Key scientific issues: (1) the structure and function of photosynthetic membrane proteins, the mechanism of photosynthetic energy absorption, transmission and transformation, and the regulatory network of photosynthetic carbon metabolism and assimilation product distribution and transportation; (2) the molecular regulation mechanism of nucleus and chloroplast interaction; (3) the synergistic regulation of light signals and other environmental signals in the regulation of plant development, the efficient utilization of light energy and the reconstruction of the transformation system of light energy fixation; (4) the signal recognition mechanism between plants and rhizobia; (5) the molecular regulation mechanism of nitrogen-fixing root nodules, mycorrhizal symbiosis and nitrogen fixation; (6) Reconstruction and efficient utilization of symbiotic nitrogen fixation and plant nitrogen fixation systems of non-leguminous plants.
8. Plant nutrition and environmental remediationWith the increase of CO2 content in the air and the deterioration of the soil environment, the study of plant nutrition and environmental remediation mechanism has become one of the important contents of botanical research. At present, the research in this field is no longer limited to the classic topic of efficient absorption and utilization of 14 essential mineral elements, but is facing many new and urgent challenges, including the competition and synergy between high CO2 and mineral nutrients, the identification and selective absorption of essential nutrients and non-essential elements, etc. Therefore, how to accurately identify and perceive the types and abundance and deficiency of mineral elements in and out of vivo and in vivo, how to coordinate the assimilation of CO2 and minerals to adapt to the new requirements of high carbon and low fertilizer, how to regulate the absorption and distribution of toxic elements, and how to respond to new soil and atmospheric conditions in the construction and development of important plant organs have become important scientific problems to be solved in the field of plant nutrition in the future. The answers to these questions will not only greatly enrich the basic theories of mineral nutrient regulation and heavy metal phytoremediation, and promote people's understanding of the more complex connotation of plant mineral nutrition under the new situation, but also lay a theoretical foundation for cultivating new green crops with high nutrient efficiency, low accumulation of heavy metals, and safe production and restoration.
Key scientific questions: (1) the mechanism of recognition and perception of mineral nutrients by plant cells; (2) the interaction between carbon assimilation and mineral nutrition; (3) the mechanism of heavy metal absorption, distribution and detoxification; (4) the molecular regulation mechanism and homeostasis of ion-selective absorption; (5) the regulatory mechanism of mineral nutrition on organ development; and (6) molecular mechanisms and regulatory networks of plant responses to nutrient stress.

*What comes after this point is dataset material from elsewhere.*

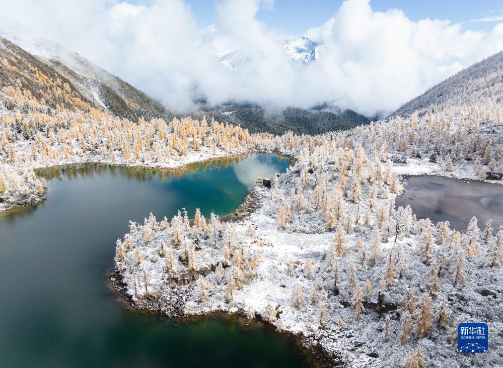 雪山、藍天白云和黨嶺村葫蘆海、彩林構成一幅優美的畫卷(10月27日攝,無人機照片)。

9. Plant chromatin structure and epigenetics regulate chromosome and histone modifications. Since the "histone code hypothesis" was proposed, it has been found that chromatin and histone modification play an important role in the development of living organisms at multiple levels, such as the reprogramming of animal and plant cells, the stability of chromosomes, the orderly expression and regulation of somite genes, the occurrence of cancer, the growth and development of plants, stress responses, environmental adaptability, and the formation of important agronomic traits. In recent years, the development of high-resolution imaging and cryo-EM technology has provided a series of evidence for the importance of chromatin and histone modifications. However, how chromosome and histone modifications determine phenotypic development and environmental adaptation remains to be elucidated; How chromatin and histone modifications sense changes in the internal and external environment, and then regulate the growth and development of organisms; What are the new modification sites and their biological functions on histones? It is not clear. In addition, which histone modifications are associated with artificial and natural selection during long-term evolution, and whether these modifications may be involved in long or short-term memory, etc.; More importantly, which modifications are at the heart of histone modifications, how different histone modifications are synergistically regulated, and how they are involved in individual development at both transcriptional and non-transcriptional levels; Gene replication, dynamic changes in chromatin and histone modifications during transcription, and functional maintenance; Further research is needed. In the future, in-depth research on the above issues will comprehensively improve people's understanding of the basic regulatory mechanisms of life processes.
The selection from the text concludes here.